You currently teach in the U.S. What do you feel is
the best attribute of the American school system?
The first
thing not just I but my daughter discovered was this sort of freedom students
have to express themselves. When you live in a totalitarian society, students
are taught that they are nothing. That what they have to do is listen. That
they have to exactly follow authority. Here, they are given the opportunity to
be anything, and I think that’s freedom of expression. I enjoy it when my
students come up to me and say, “We hate this book. Why are you teaching it?” Or
they come to me and say, “We disagree.” There was no feeling except for the
fact that they felt free to express themselves and that created a space where
we could have a real class rather than one in which I was the ultimate
authority. The ultimate authority is in fact the texts.
What do you think is the greatest flaw in the school
system?
When you
think about your childhood—the books, the films, the places you’ve been—they create
you in a sense.
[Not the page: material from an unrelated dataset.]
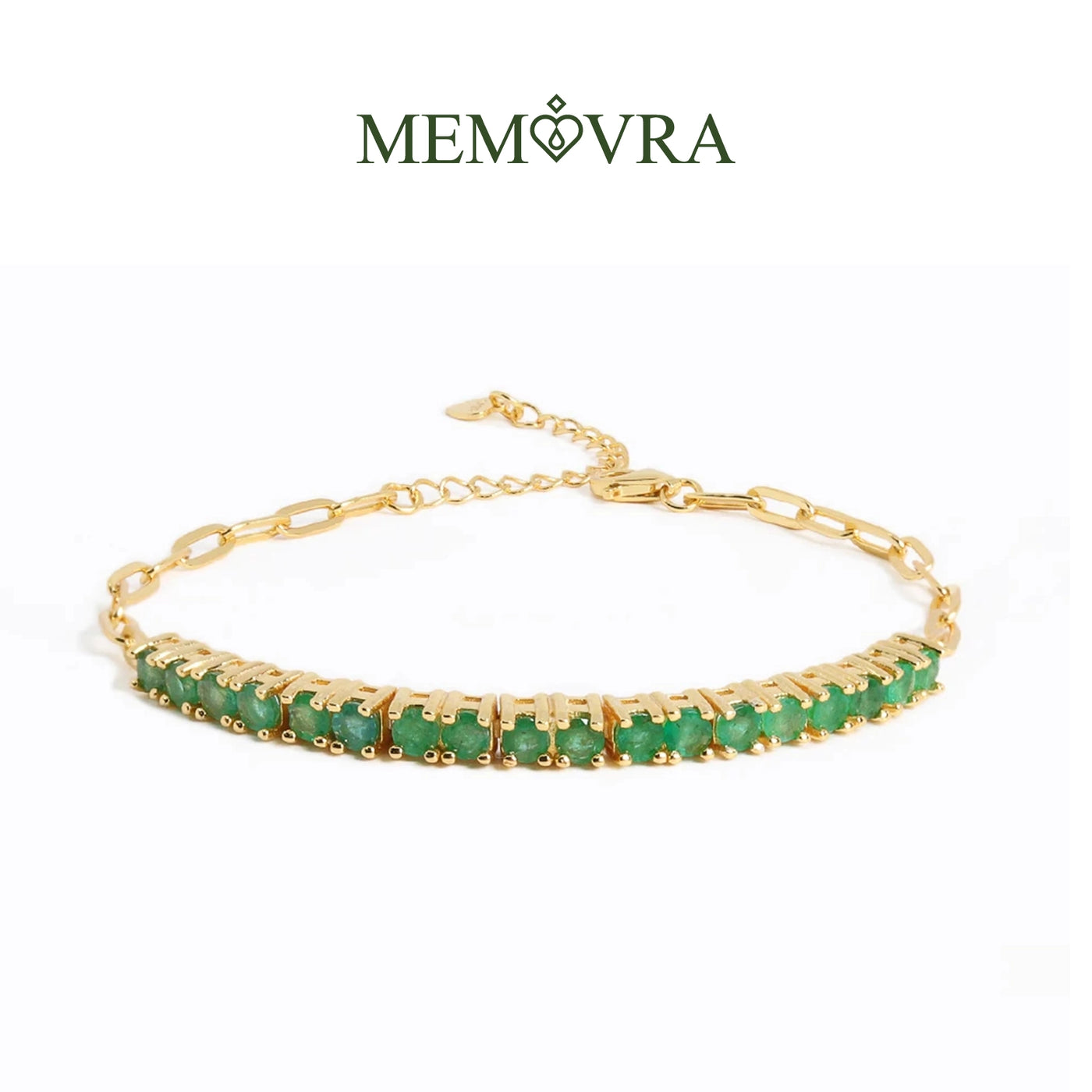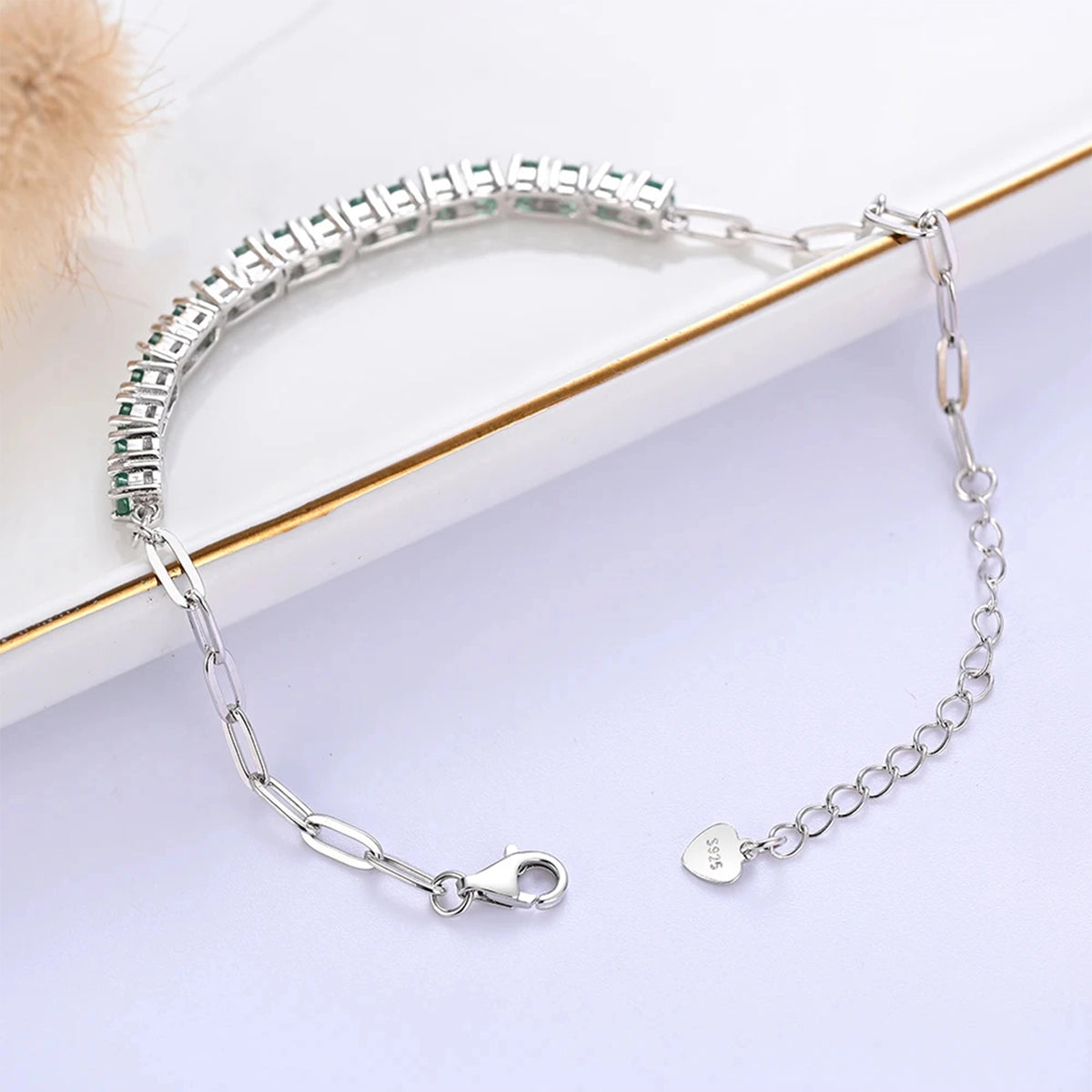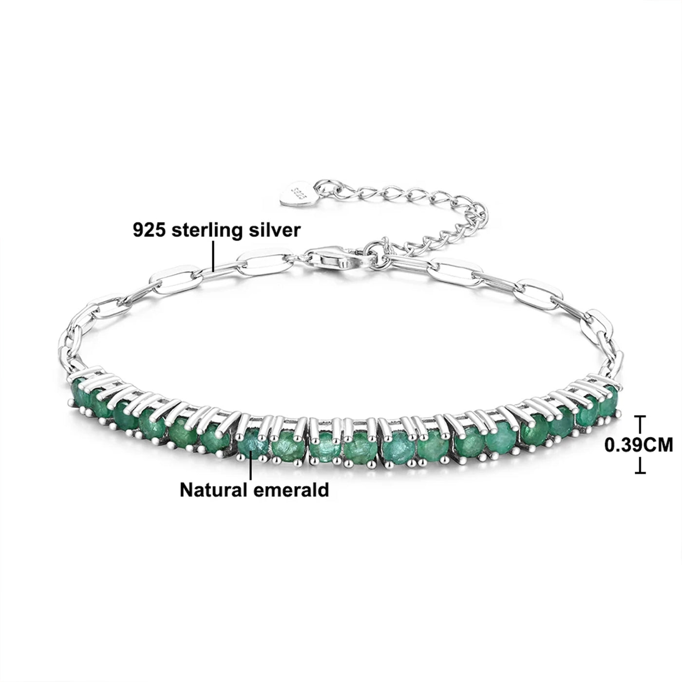 An elegant and exquisite bracelet featuring natural green emerald gemstones, set in 925 Sterling Silver. A perfect choice for weddings, banquets, and as a special gift. Free shipping included.

We have become so utilitarian, we don’t teach our children what
is the point of being an individual and independent and to not have choice. All
the choices end with making money and being successful for yourself. Money used
to be a means to an end and now it has become both the means and the end. I’m
really scared of the system that doesn’t pay attention to substance and that
doesn’t bring up children to face the difficulties that might plague them. And
the privatization of schools is allowing very, very wealthy people to send
their children to school wherever they want to, but the majority of Americans
cannot and the country will suffer. The people who do not have the money will
suffer.
Is there anything your American students lack
compared to your students in Iran?
One of the
things that I miss about Iran is how much reading a book meant. In Iran, a book
is not just a book. People give up a lot in order to read Great Gatsby. I miss that intensity. I miss that involvement. I
miss that appreciation. I always look at it with sadness that over here we have
the chance and sometimes we don’t take it. Our children are encouraged to just
feel comfortable. They’re encouraged to have a different kind of solitude. The
solitude of a writer is in order to connect to a world. The solitude of a person who just wants
success at any cost is eliminating a world, not connecting to one.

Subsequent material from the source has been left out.